We’re doing our part by delivering landmark reforms to post-16 education – and today marks a significant milestone in that journey.
We have published our response to the level 3 and below pathways consultation, which received over 750 contributions from colleges, training providers, employers and young people themselves. I am grateful to everyone who took the time to engage. This is a reform built with the sector, not imposed upon it. And we want that collaboration to continue as we build out these qualifications.
It is also built on what we know parents want. The overwhelming preference of those we polled (nearly half at 45 per cent) told us that they would prefer their child to study a mix of academic and vocational qualifications after GCSEs to better prepare them for their future careers.
Our consultation response sets out a reformed system built around three pillars. V Levels will give young people who want to combine academic and vocational learning a genuinely prestigious route into work. T Levels will be expanded and will be the best option for students to undertake more specialised study where they know which broad career path they want to pursue.
And two new level 2 pathways will give students a clear onward route: one supporting students to progress to further study at level 3 and one supporting students into employment.
I know that colleges, sixth forms and other providers need certainty to plan, and we are committed to giving them exactly that.
We are taking a phased approach to transition – carefully balancing the introduction of new qualifications with the removal of funding approval from unreformed ones. No young person will be left without suitable options and there will never be a gap in subject availability.
You told us that the transition arrangements we originally proposed were too aggressive, putting providers’ ability to prepare for the reforms to come at risk. I appreciate that and so, to give providers space and certainty, we are setting out that large qualifications the size of three A Levels or bigger in T Level areas will have funding approval removed from 2027 instead of 2026, apart from Health and Social Care qualifications which will follow in in 2028. Smaller legacy qualifications will retain funding approval until the relevant T Level and V Level is available in that subject area from 2027.
But make no mistake – change is coming. Every provider will be expected to have a clear transition plan in place, owned by a named, accountable leader. To support the sector as we move through this period, we are establishing a sector-led group of expert practitioners – our Pioneers – who are providers that will help shape those plans and ensure the support on offer is practical and grounded in real experience. Providers will also receive targeted support including workforce development, careers guidance and support from the FE commissioner.
A full implementation plan will be published by June 2026, setting out the detail providers need to plan confidently and build sustainable capacity for the years ahead.

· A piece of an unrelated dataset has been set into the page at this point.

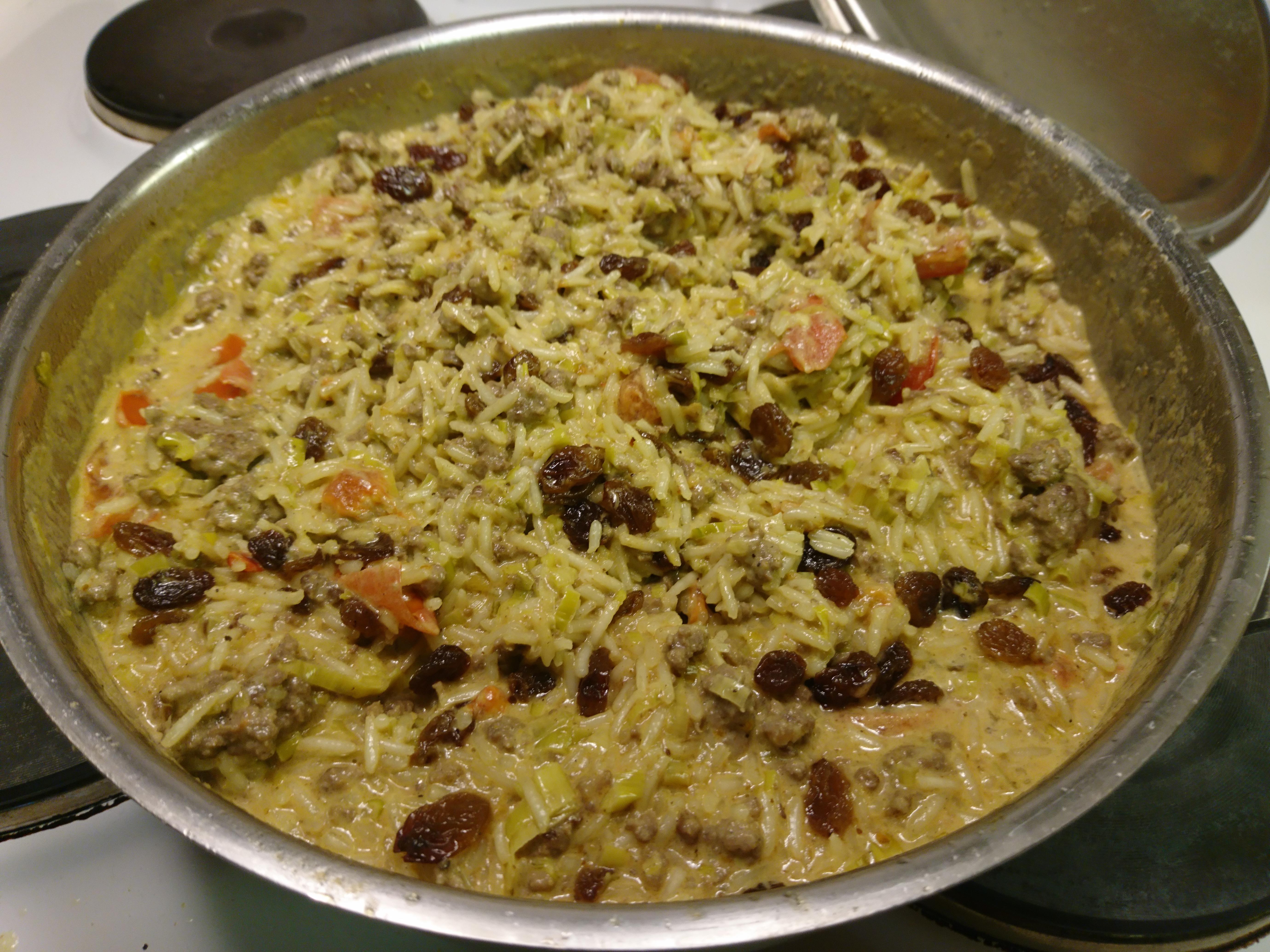 Publicerat November 2, 20205 yr All in one. Tog upp 5oogr råfärs å var lite vilsen vad det skulle bli. Enkelt var målet. Då blev de att köra allt i en potta. Så, ner mä färs å rejält med purjo + vitlök och tomat. Salt å peppar + lite kryddigare: curry+spiskummin+ingefära+kanel(lite)+Kabsa(mellanösternkryddblandning). Detta fick simma i creme fraiche å grädde. Avsmakning å i med lite h20 å sen ner med basmatiris. På med lock å sjud tills klart. Ner med dryga decilitern med russin, för å möta sälta å kryddor, som fick vara med i 5 min på eftervärmen. Kruxet är att komma ihåg. Blev bra. /P

By the end of this Parliament, we want our young people to take for granted that they can make clear choices, from a range of prestigious and robust courses, that will propel them to success, whatever that success looks like to them.
This is national renewal in action – a skills system that prepares every young person for the jobs of the future, reduces NEET rates, and drives the economic growth our country needs. It will be instrumental in achieving the Prime Minister’s target to get two-thirds of young people taking a gold standard apprenticeship, higher training or heading to university by age 25.